La dernière œuvre est une installation de Jonathan Bernard composée de trois pièces dont la forme et l’élan rappellent les espèces de la famille des Crassulaceae. Celle-ci s’impose avec toute sa présence, tels trois êtres en mouvement, en équilibre et en état de vaciller, tentant de résister. L’artiste les a composés à partir d’un ensemble de volumes de même forme suggérant la structure répétitive des végétaux. Pour l’artiste, ces trois sculptures évoquent les enjeux liés au réchauffement climatique. Par leur apparence monumentale, visibles de loin, captant la lumière et leur dessin dans l’espace, elles nous invitent à porter notre attention sur le monde végétal en transformation. Notre promenade est ainsi troublée par la présence de ces espèces façonnées de telle sorte qu’elles suscitent l’étonnement.
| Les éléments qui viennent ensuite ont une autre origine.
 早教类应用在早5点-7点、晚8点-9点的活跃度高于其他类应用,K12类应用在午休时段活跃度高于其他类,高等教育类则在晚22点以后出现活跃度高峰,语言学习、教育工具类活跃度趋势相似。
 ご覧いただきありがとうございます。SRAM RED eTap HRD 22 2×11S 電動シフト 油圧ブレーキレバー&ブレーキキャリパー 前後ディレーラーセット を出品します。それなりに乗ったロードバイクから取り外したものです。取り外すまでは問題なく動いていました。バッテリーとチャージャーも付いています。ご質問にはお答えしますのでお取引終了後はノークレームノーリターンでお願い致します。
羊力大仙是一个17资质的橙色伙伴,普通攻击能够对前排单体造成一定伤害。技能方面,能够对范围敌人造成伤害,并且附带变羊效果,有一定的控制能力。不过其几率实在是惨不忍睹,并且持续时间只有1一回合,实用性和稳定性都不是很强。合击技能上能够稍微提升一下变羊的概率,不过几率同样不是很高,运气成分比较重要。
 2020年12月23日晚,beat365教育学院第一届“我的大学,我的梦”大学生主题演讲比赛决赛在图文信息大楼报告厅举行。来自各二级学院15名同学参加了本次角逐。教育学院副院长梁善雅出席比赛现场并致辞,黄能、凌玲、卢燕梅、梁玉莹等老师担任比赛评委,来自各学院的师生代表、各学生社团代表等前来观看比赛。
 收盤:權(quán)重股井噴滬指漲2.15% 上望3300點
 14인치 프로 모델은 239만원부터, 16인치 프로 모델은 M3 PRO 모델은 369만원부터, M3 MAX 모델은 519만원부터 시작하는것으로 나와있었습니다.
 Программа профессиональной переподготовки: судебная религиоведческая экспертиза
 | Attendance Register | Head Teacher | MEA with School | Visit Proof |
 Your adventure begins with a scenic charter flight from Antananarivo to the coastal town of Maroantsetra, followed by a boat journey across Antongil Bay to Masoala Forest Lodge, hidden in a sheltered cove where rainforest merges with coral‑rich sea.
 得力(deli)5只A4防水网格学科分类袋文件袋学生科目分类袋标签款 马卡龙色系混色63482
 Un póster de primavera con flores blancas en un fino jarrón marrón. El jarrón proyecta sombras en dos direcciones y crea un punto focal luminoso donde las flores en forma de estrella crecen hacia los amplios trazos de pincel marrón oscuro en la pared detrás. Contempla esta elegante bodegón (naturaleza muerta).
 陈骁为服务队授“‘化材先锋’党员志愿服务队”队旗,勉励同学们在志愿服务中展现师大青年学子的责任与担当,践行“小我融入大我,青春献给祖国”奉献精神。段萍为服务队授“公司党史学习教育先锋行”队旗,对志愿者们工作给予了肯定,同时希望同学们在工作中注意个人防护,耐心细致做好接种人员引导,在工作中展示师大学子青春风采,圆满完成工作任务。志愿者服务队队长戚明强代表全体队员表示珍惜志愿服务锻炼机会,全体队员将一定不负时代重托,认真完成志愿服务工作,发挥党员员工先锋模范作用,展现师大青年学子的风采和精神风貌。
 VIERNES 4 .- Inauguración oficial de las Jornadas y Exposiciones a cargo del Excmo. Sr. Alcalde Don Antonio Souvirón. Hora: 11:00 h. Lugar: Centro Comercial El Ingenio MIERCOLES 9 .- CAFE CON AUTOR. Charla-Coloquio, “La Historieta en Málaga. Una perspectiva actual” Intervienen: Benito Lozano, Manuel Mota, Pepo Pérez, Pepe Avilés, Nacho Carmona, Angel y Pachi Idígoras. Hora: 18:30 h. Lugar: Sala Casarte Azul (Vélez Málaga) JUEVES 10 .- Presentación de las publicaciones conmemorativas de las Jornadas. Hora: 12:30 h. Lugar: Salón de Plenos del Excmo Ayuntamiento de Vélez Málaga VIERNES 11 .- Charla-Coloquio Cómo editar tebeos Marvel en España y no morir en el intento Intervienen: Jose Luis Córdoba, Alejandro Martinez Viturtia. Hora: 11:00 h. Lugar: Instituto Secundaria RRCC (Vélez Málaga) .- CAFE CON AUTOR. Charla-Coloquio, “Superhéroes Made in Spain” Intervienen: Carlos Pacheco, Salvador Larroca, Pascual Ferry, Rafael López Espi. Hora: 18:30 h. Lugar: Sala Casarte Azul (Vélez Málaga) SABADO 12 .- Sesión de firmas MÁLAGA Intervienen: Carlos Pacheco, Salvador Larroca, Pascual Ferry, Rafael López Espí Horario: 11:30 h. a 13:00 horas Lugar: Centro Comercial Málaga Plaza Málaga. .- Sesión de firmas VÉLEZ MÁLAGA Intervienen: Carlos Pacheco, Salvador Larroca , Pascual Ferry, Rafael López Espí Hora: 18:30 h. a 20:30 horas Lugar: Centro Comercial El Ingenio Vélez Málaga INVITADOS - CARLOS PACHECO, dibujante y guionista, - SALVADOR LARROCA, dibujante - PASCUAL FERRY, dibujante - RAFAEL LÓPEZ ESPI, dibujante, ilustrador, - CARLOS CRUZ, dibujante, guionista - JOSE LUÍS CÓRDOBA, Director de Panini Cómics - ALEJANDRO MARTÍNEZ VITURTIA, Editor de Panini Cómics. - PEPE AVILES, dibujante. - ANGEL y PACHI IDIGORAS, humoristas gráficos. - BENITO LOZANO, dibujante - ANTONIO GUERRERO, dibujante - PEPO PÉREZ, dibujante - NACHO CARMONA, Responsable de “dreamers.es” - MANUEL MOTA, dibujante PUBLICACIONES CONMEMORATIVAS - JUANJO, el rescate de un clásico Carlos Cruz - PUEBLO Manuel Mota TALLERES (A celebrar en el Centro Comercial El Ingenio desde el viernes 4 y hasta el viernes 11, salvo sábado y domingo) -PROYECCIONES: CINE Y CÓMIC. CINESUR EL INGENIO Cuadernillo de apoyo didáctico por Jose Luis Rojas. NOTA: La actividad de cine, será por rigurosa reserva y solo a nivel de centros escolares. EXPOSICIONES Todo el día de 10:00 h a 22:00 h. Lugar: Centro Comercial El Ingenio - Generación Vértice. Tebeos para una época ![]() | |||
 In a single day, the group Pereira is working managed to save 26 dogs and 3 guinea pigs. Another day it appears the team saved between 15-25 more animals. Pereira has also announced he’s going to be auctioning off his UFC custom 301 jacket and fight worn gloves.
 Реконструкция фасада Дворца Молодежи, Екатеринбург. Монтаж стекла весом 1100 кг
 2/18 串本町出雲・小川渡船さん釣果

Cette exposition nous offre l’occasion de parcourir le domaine de Chavaniac-Lafayette avec un regard curieux et centré sur ce que les œuvres ont a nous offrir comme réflexion et expérience esthétique. D’une facture et d’une approche très différente, les œuvres créées pour l’occasion sont faites pour être vues de loin et ce n’est qu’en s’approchant qu’on tente alors de desceller leur enjeu, propos de l’artiste, sensible à l’environnement et au lieu qui l’accueille. Cet été, quoi de plus réjouissant que de parcourir les jardins à la découverte de créations artistiques. La visite des sites historiques est devenue une occasion bien courante de s’ouvrir à l’art contemporain. Les artistes nous montrent leur goût pour l’expérimentation de matériaux naturels et leur souhait de nous inciter à regarder avec attention notre monde et les végétaux, témoins de sa transformation.